I’m deeply interested in subjects like ethical theory, self improvement, and technological advancement, especially where they intersect. Books, computers, and opportunities to learn have always held very strong attraction for me. I have interests all over the place, really, but one day I realized there was a single thread running through most of it: philosophy, in the classical sense of the term.

As a philosopher (among other things), all it can take to get me to realign my thoughts on some matter of importance sometimes is to ask me an honest question. A great example of that was when a friend of mine, at the end of the very day we first met, asked me if there was any real, fundamental justification for copyright at all. Over the next several years, this question led me to examine the premises for basic concepts of ethics all over again, leading me ultimately to the fact that, no, there did not in fact appear to be any reasonable justification for copyright at all. Quite the contrary, in fact. I’ve elided the details here (for mostly for reasons of brevity) though I have elaborated on them elsewhere.

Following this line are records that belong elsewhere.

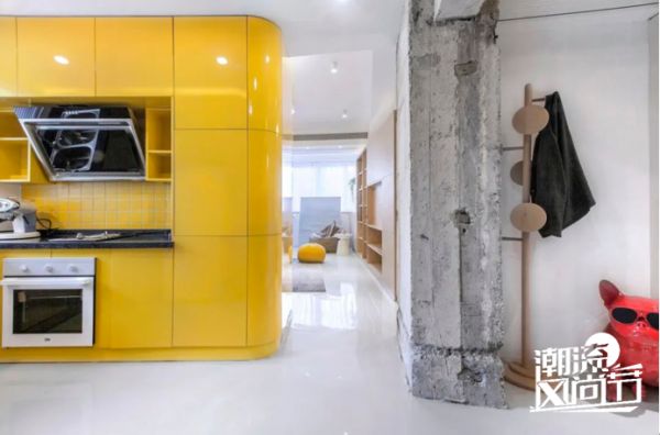 负责烹饪的黄色盒子,与背部的柜子结构一起,成为整个空间视觉焦点。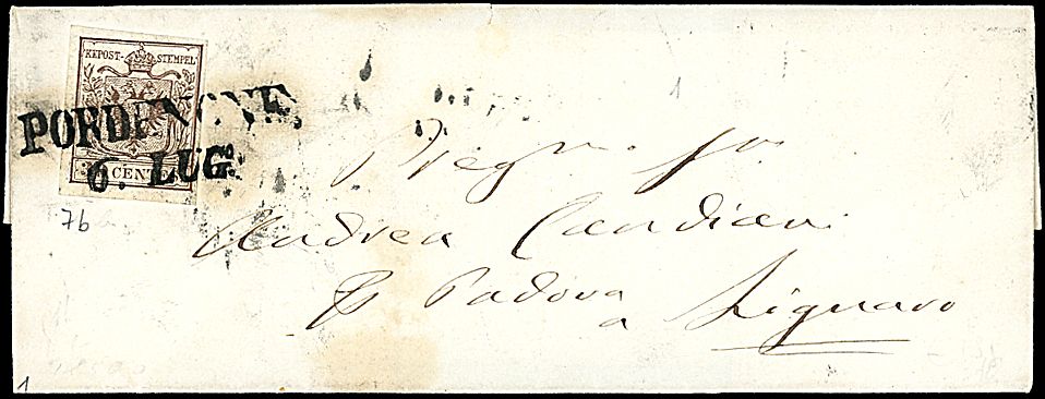 1850 - 30 c. bruno, I tir. (7b) SPL su lettera da PORDENONE (6 LUG) a Padova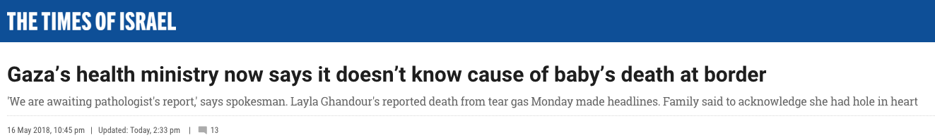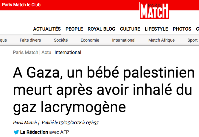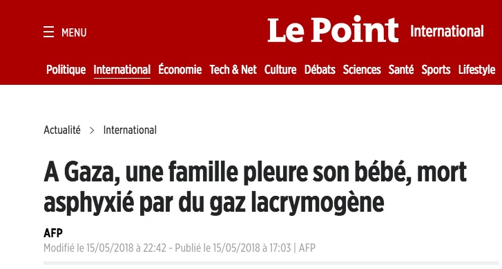 L’agence américaine Associated Press, homologue de l’AFP, relaie ces doutes : « Des responsables de la santé à Gaza jettent un doute sur les affirmations initiales selon lesquelles un bébé de 9 mois était mort de gaz lacrymogènes israéliens tirés pendant des manifestations de masse à la frontière de Gaza avec Israël. Un médecin a dit mardi que le bébé, Layla Ghandour, avait une condition médicale pré-existante et qu’il ne pensait pas que sa mort avait été causée par des gaz lacrymogènes. »

Business models that rely on copyright are, to me, pretty obviously nonstarters for those who wish to live an ethical life. In addition to that, though, the ultimate unenforceability of copyright in any meaningful, universal way indicates that the shrink-wrapped widget sales business model central to assumptions about the importance of copyright might in fact be the single stupidest, most unavoidably doomed business model currently in use for intangibles such as the writings of novelists, software developers, and musicians.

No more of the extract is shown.